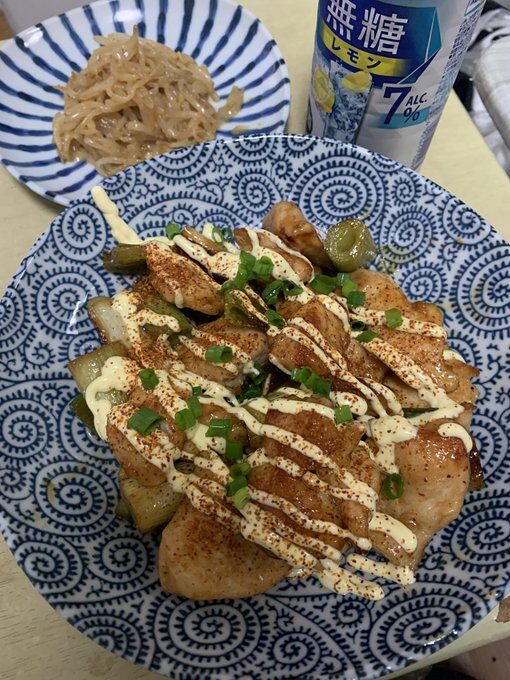 鶏とネギの照り焼きを作った。マヨネーズと七味をかけ完成 副菜でモヤシのナムルも作った!
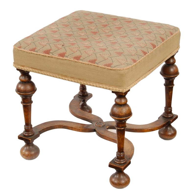 A walnut foot stool in William & Mary style, the tapestry upholstered seat on turned supports united by an 'X' stretcher, 17in (43cm) h, 17.25in (43.7cm) w.
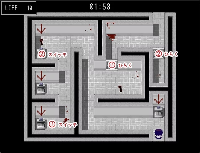 【미끄러운 바닥의 방】 문의 열쇠를 열고 싶다: 방 어딘가에 ↑↓←→를 나타내는 무언가가 있습니다.
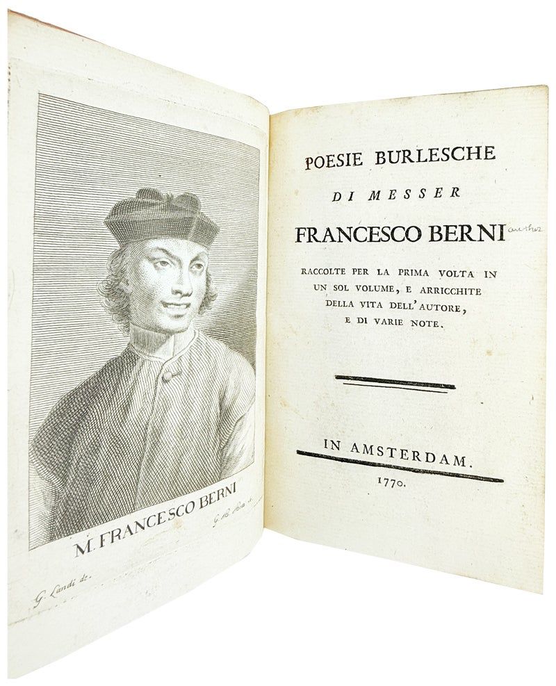 Collected works of the Italian satirist Francesco Berni (ca. 1497-1535) adorned with a smiling and quite youthful portrait frontispiece by the Italian neoclassical artist and architect Giuseppe Antonio Landi (1713-1791).
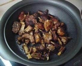 放入适量老抽翻炒均匀,使羊排的颜色变酱红浓赤
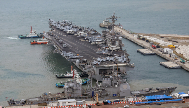 [포토뉴스] 핵 항공모함 '칼빈슨함' 부산 입항
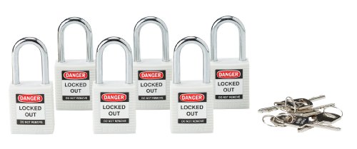 -. Title : Brady 118950 White, Brady Keyed Alike Safety PadLock (6 Locks)
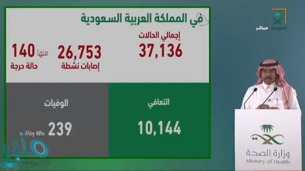 وأضاف متحدث “الصحة” الدكتور محمد العبدالعالي، خلال المؤتمر الصحفي الدوري للحديث عن آخر مستجدات فيروس “كورونا” أن إجمالي الحالات في المملكة وصل إلى 37136 حالة حتى الآن ، بينها 26753 حالة نشطة، منها 140 حرجة تتلقى الرعاية المناسبة.

:: What the exercise asks ::
Once the line containing "A walnut foot" is found, it and every line through the end of the records above should be output exactly, with no pictures.

:: Output below ::
 A walnut foot stool in William & Mary style, the tapestry upholstered seat on turned supports united by an 'X' stretcher, 17in (43cm) h, 17.25in (43.7cm) w.
 【미끄러운 바닥의 방】 문의 열쇠를 열고 싶다: 방 어딘가에 ↑↓←→를 나타내는 무언가가 있습니다.
 Collected works of the Italian satirist Francesco Berni (ca. 1497-1535) adorned with a smiling and quite youthful portrait frontispiece by the Italian neoclassical artist and architect Giuseppe Antonio Landi (1713-1791).
 放入适量老抽翻炒均匀,使羊排的颜色变酱红浓赤
 [포토뉴스] 핵 항공모함 '칼빈슨함' 부산 입항
 -. Title : Brady 118950 White, Brady Keyed Alike Safety PadLock (6 Locks)
 وأضاف متحدث “الصحة” الدكتور محمد العبدالعالي، خلال المؤتمر الصحفي الدوري للحديث عن آخر مستجدات فيروس “كورونا” أن إجمالي الحالات في المملكة وصل إلى 37136 حالة حتى الآن ، بينها 26753 حالة نشطة، منها 140 حرجة تتلقى الرعاية المناسبة.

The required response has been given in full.